Vacuum Single Point Anchors

Vacuum Single Point Anchors

Although sometimes specified for general industrial applications, Specialty Vacuum Anchors are used primarily for aircraft maintenance and inspection applications, providing temporary OSHA compliant tie-off capability where and when your mechanics need it.  Unlike rigid rail fall protection systems which can be cost prohibitive and ground based lift devices that can damage aircraft, vacuum anchors are versatile, simple to use cost effective solutions that rely on compressed air to suction the anchor to the surface of the aircraft.  Specialty Vacuum Anchors can be used for single point fall protection, or paired to create a temporary Horizontal Lifeline (HLL).

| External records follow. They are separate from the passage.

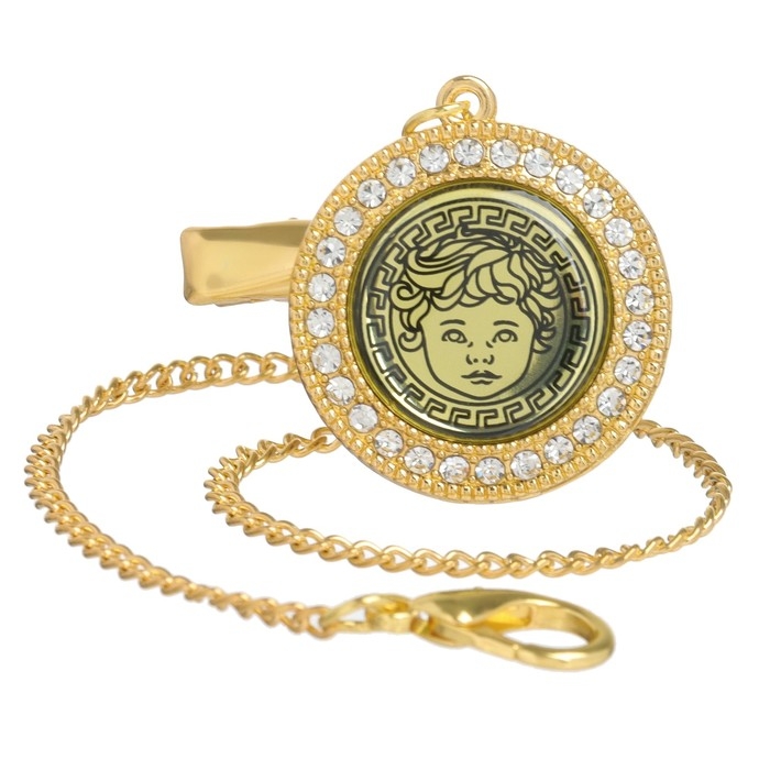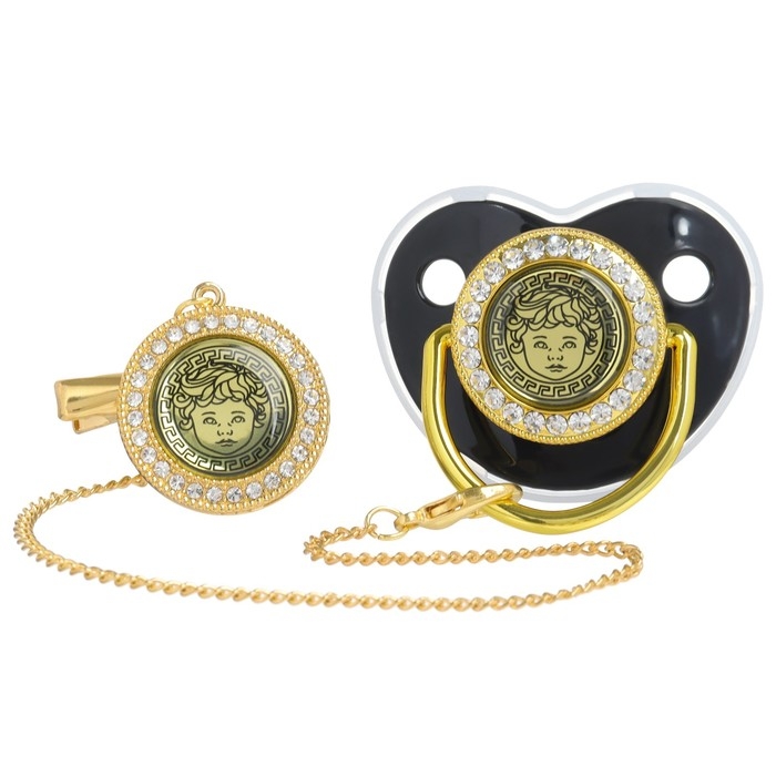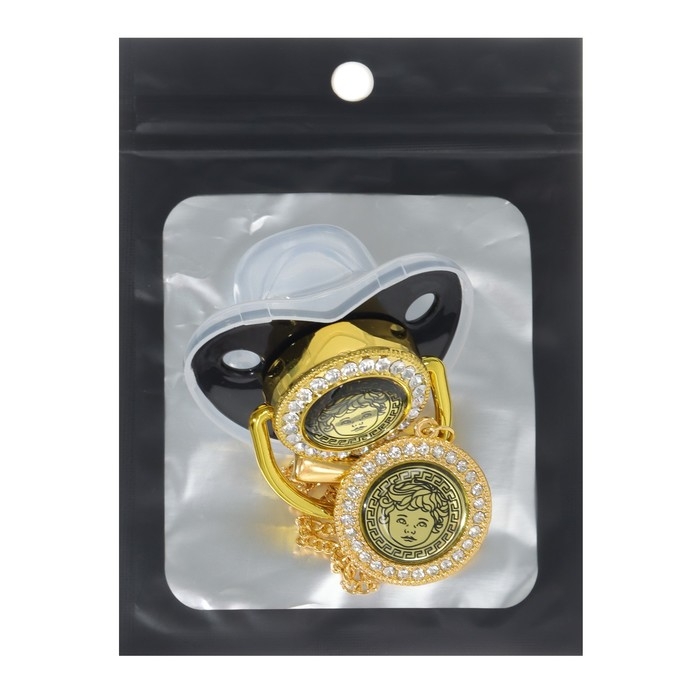 Соска - пустышка силиконовая ортодонтическая «BOSS», от 6 мес., с колпачком + держатель - цепочка, цвет черный/золото, стразы
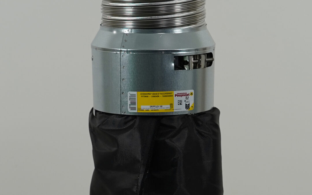 Il est équipé d’une extrémité, nommée Gripflex, qui vient s’installer sur le haut ou le bas du flexible selon le sens du tubage. Cette pièce astucieuse offre l’avantage de rendre solidaire l’isolant et la toile sur le flexible inox intérieur. De plus, sa forme profilée de forte épaisseur permet à l’installateur d’accompagner le flexible dans les passages compliqués. Slimflex-Iso est disponible en diamètres 80, 100, 130 et 150 mm.
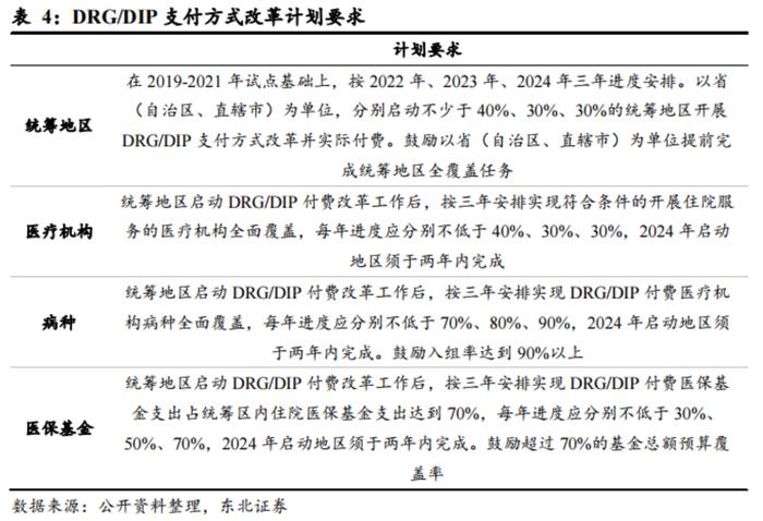国家医保局于2021年11月26日发布了《DRG/DIP支付方式改革三年行动计划》,开始进行按疾病诊断相关分组(DRG)/病种分值(DIP)支付方式改革三年行动计划。到2024年底,预计全国所有统筹地区全部开展DRG/DIP支付方式改革工作,到2025年底,DRG/DIP支付方式覆盖所有符合条件的开展住院服务的医疗机构。
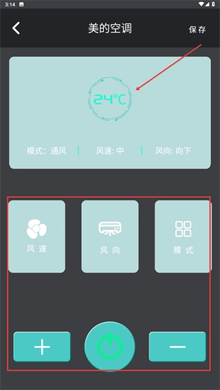 4、进入“美的空调”控制页面后,可通过风速、风向、模式等按钮调整设备参数,也可通过加减键调节温度。
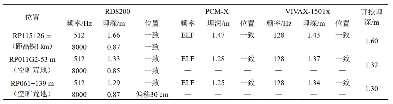 (2)驗證情況。采用RD8200(512 Hz和8k Hz)、PCM-X(低頻ELF)、VIVAX-150Tx(128 Hz)三種設備及不同頻率信號對光纜埋深、位置進(jìn)行復測及開(kāi)挖驗證(表 1),當采用RD8200(8k Hz)高頻信號時(shí),復測結果與實(shí)際開(kāi)挖埋深相差較大,且有一處位置偏移30 cm;當采用RD8200(512 Hz)、PCM-X(低頻ELF)、VIVAX-150Tx(128 Hz)低頻信號時(shí),復測結果與實(shí)際開(kāi)挖埋深比較一致。
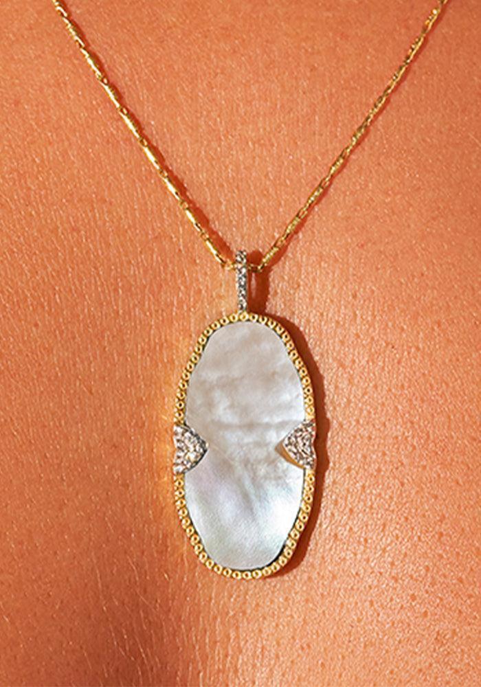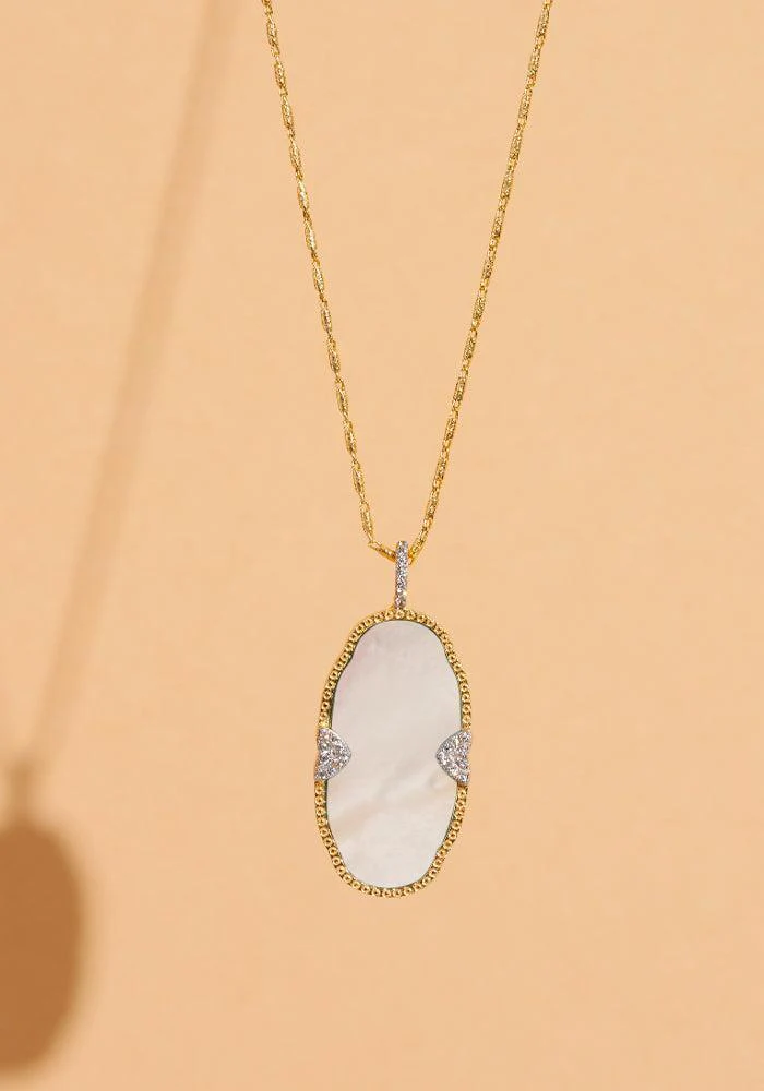 Sautoir Belize avec une chaine en laiton doré à l’or fin avec une nacre ovale et des zircons.

We are a complete turnkey provider of fall protection systems designed for the aviation industry and have years of design and installation experience in this market sector.  Contact us for expert assistance with your fall arrest, fall restraint and fall protection safety requirements.

 

Design Considerations

This self-contained vacuum single point anchor assembly can be powered by a single, on-board 48-cubic-inch compressed gas bottle, a large capacity detached bottle, or shop air. Unit can also power one additional secondary pad.  Ideal for anchorage applications with smooth or non-porus surfaces.

OSHA Regulations

  • Single Point Anchors
    • 1926.502(d)(15) Anchorages used for attachment of personal fall arrest equipment shall be independent of any anchorage being used to support or suspend platforms and capable of supporting at least 5,000 pounds (22.2 kN) per employee attached, or shall be designed, installed, and used as follows:
    • 1926.502(d)(15)(i) as part of a complete personal fall arrest system which maintains a safety factor of at least two; and
    • 1926.502(d)(15)(ii) under the supervision of a qualified person.
  Personal Fall Protection System This section is applicable if the personal fall protection system is being used by an employee having a combined body and tool weight of LESS THAN 310 pounds (140 kg). NOTE: Additional requirements for personal fall arrest systems and positioning systems for an employee having a combined body and tool weight of MORE THAN  310 pounds are contained in paragraphs (d) and (e) of OSHA 1910.140. The employer must ensure that personal fall protection systems meet the following requirements:
  • Connectors must be drop forged, pressed or formed steel, or made of equivalent materials. 1910.140(c)(2)
  • Connectors must have a corrosion-resistant finish, and all surfaces and edges must be smooth to prevent damage to interfacing parts of the system. 1910.140(c)(3)
  • When vertical lifelines are used, each employee must be attached to a separate lifeline. 1910.140(c)(4)
  • Lanyards and vertical lifelines must have a minimum breaking strength of 5,000 pounds (22.2 kN). 1910.140(c)(5)
  • Self-retracting lifelines and lanyards that automatically limit free fall distance to 2 feet (0.61 m) or less must have components capable of sustaining a minimum tensile load of 3,000 pounds (13.3 kN) applied to the device with the lifeline or lanyard in the fully extended position. 1910.140(c)(6)
  • A competent person or qualified person must inspect each knot in a lanyard or vertical lifeline to ensure that it meets the requirements of paragraphs (c)(4) and (5) of this section before any employee uses the lanyard or lifeline. 1910.140(c)(7)
  • D-rings, snaphooks, and carabiners must be capable of sustaining a minimum tensile load of 5,000 pounds (22.2 kN). 1910.140(c)(8)
  • D-rings, snaphooks, and carabiners must be proof tested to a minimum tensile load of 3,600 pounds (16 kN) without cracking, breaking, or incurring permanent deformation. The gate strength of snaphooks and carabiners, must be proof tested to 3,600 lbs. (16 kN) in all directions. 1910.140(c)(9)
  • Snaphooks and carabiners must be the automatic locking type that require at least two separate, consecutive movements to open. 1910.140(c)(10)
Snaphooks and carabiners must not be connected to any of the following unless they are designed for such connections: 1910.140(c)(10)(i)
  • Directly to webbing, rope, or wire rope; 1910.140(c)(10)(ii)
  • To each other; 1910.140(c)(10)(iii)
  • To a D-ring to which another snaphook, carabiner, or connector is attached; 1910.140(c)(10)(iv)
  • To a horizontal life line; or 1910.140(c)(10)(v)
  • To any object that is incompatibly shaped or dimensioned in relation to the snaphook or carabiner such that unintentional disengagement could occur when the connected object depresses the snaphook or carabiner gate, allowing the components to separate. 1910.140(c)(11)

Did You Know?

In general Industry, any leading edge that is four feet or higher than the surface below must be protected from fall hazards?